Remi tentou se afastar, mas Prim queria uma briga.

— Me solte!

— Ou o quê? Vai tentar me matar de novo? — Prim sorriu. E então começou a gritar, o mais alto que podia. — Me solte! Me solte! Socorro!

Remi tentava se livrar das mãos dela, mas Prim a puxava cada vez mais para si, até por fim caírem na água, como já não eram mais crianças, conseguiam ficar de pé dentro da piscina, Prim parecia chocada, desesperadamente tentando chegar à borda da piscina, enquanto Remi via todos correrem até ela, mas havia uma pessoa que ficou parada, de longe, vendo a comoção gerada, sem ajudar ninguém. Por mais que ambos se olhassem, sem dar a devida importância a atuação de Primore, totalmente fixados um no outro, uma parte deles torcia para ser diferente. Noah queria que ela não estivesse dentro da água, e Remi queria que ele não se aproximasse, como em um paradoxo.

Prim continuava fazendo seu show escandaloso, enquanto Remi sozinha saía da água, sendo brutalmente julgada pelos olhares de todos. Para felicidade de Primore, Remi era novamente uma vilã.

— Dá próxima vez, você terá o que merece! — Remi resolveu aceitar seu título e crime, ela sabia ser ainda pior, e eles iriam descobrir.

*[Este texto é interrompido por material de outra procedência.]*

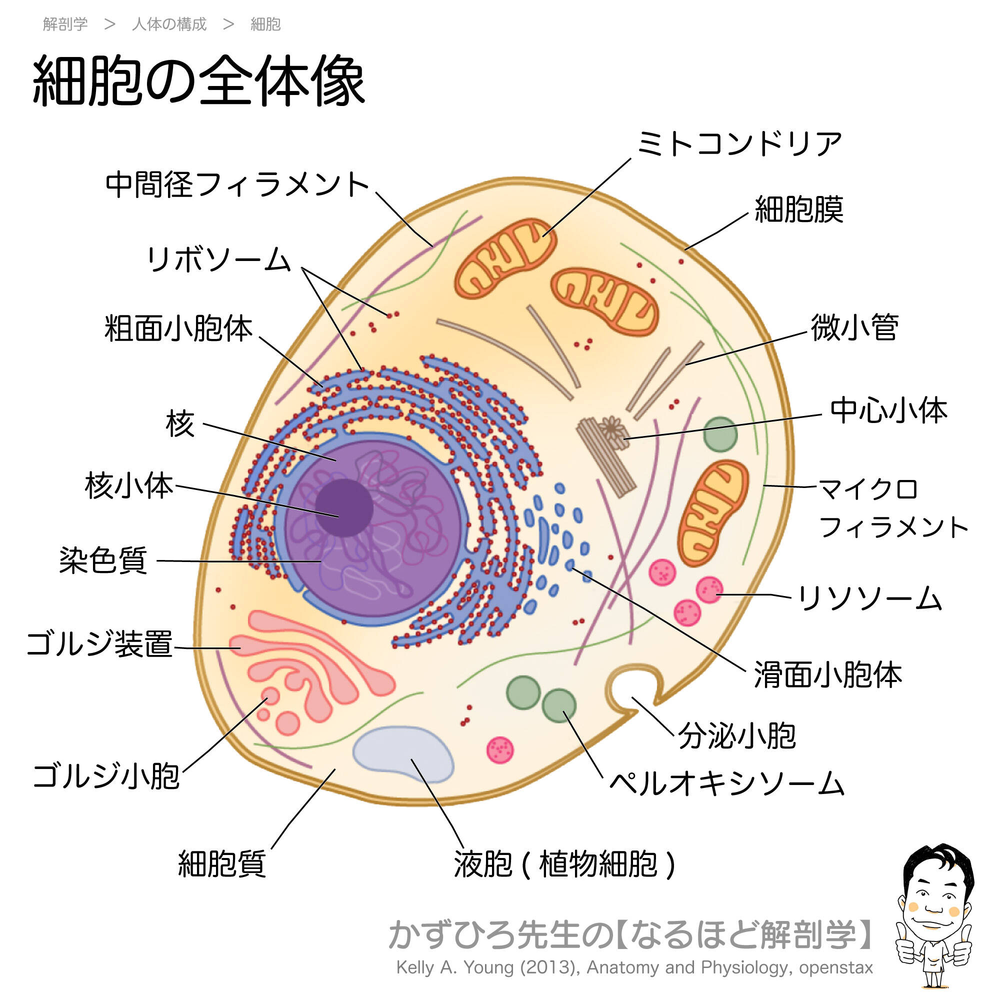 • 細胞質:核以外の部分で、様々な細胞小器官を含む

As roupas pingando, se colando ao seu corpo enquanto andava, tudo se desfazendo no caminho, ela nunca desejou ser tão má como naquele momento, seu coração fervia. Noah tentou alcança-la, antes que ela perdesse o controle.

— Remi!

— O quê? — Remi parou, enfrentando-o. — Quer saber se tentei matar sua querida namorada?

Ele olhou para ela, a expressão de ódio, os fios de cabelo se soltando do penteado, a roupa empapada. Alguma coisa lhe dizia que ela não faria aquilo.

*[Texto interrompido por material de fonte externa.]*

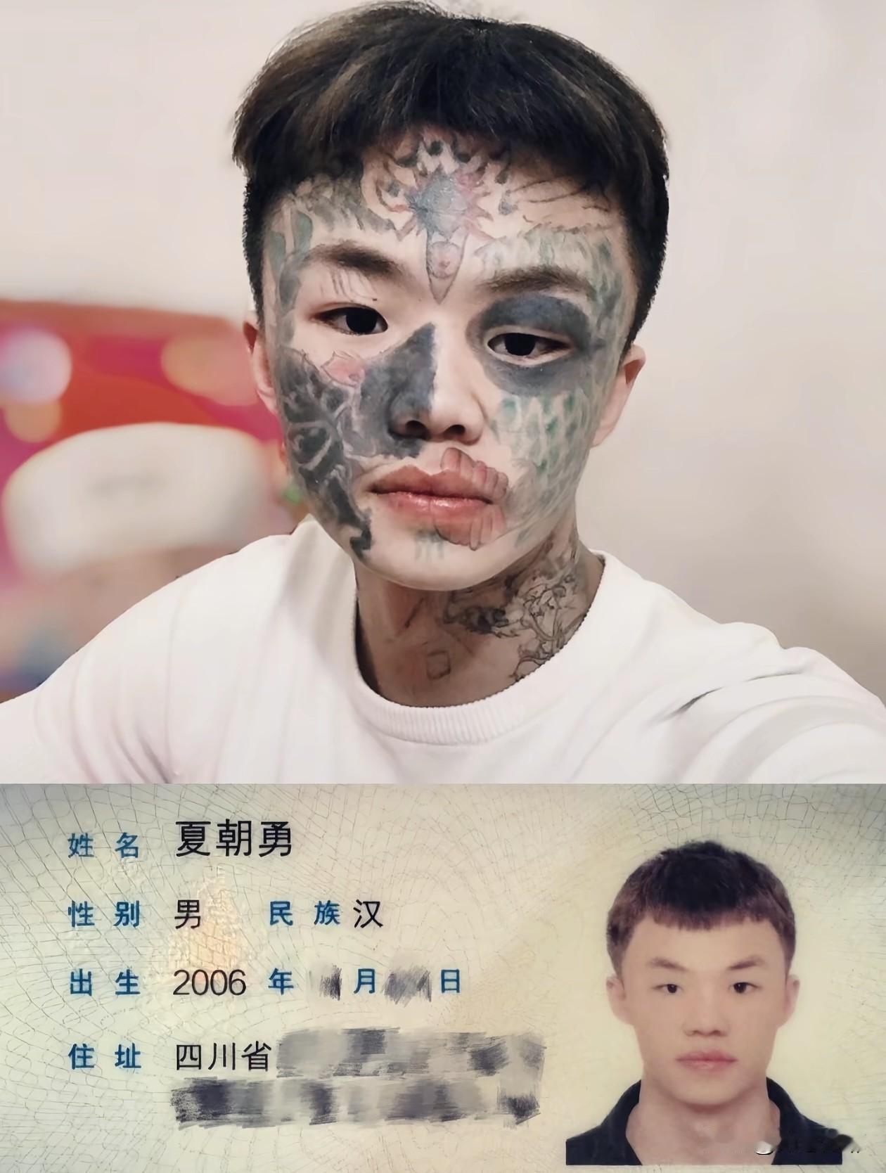 纹面男孩夏朝勇从9岁开始纹身,13岁在脸上纹身,曾把纹身当“护身符”,如今已经洗了3次纹身,再洗两次就干净了。他表示:洗纹身比纹身痛10倍,年轻时不懂事,现在后悔不已。 广东,夏朝勇今年19岁,他的童年过得挺苦,妈妈早早就走了,爸爸重组家庭后,他跟着奶奶长大,还总被欺负,心里特别缺乏安全感,觉得没人能保护自己。 13岁那年,他看见街上有人有纹身,给人感觉就不好惹,天真地以为把纹身纹在脸上,别人就不敢欺负自己。 后来他发现,满脸纹身的样子在短视频平台很吸引眼球,能赚钱,巅峰时一天能赚几万,甚至在酒吧一晚就打赏别人20万,这种被追捧的感觉让他更沉迷,全身纹满了30多个图案。 热度退下去之后,纹身带来的全是麻烦,身份证都办不了,找工作更是次次碰壁,用人单位一看到他满脸纹身,基本都直接拒绝。 2022年,他下定决心洗掉纹身,到今年10月,他已经洗了3次,脸上和脖子上的纹身淡了很多,再洗2次,就能清干净。 有网友觉他挺不容易的,小时候被欺负才走了弯路,他现在能回头,主动去洗纹身已经很不错了,希望他以后能好好生活。 大多数网友都表示理解他的过去,肯定他的现在,也提醒更多人别重蹈覆辙,没人再觉得满脸纹身很酷,冲动的代价要自己扛,选择前一定要想清楚。

— Não foi você, não é? — o tom compadecido quase a enganou, quase. — Você não faria aquilo.

— Você não me conhece Noah. Mas de uma coisa tem razão, eu não fiz aquilo. Mas você logo vai descobrir que posso fazer pior.

Aquele olhar, cheio de ódio, queimando a vingança, ela estava prestes a destruir tudo, e mostrar todo o seu poder. Ela era uma bomba prestes a explodir.

Remi entrou dentro do carro e foi embora. Acabaram-se as chances, a família Solomon nunca mais seria a mesma quando ela terminasse.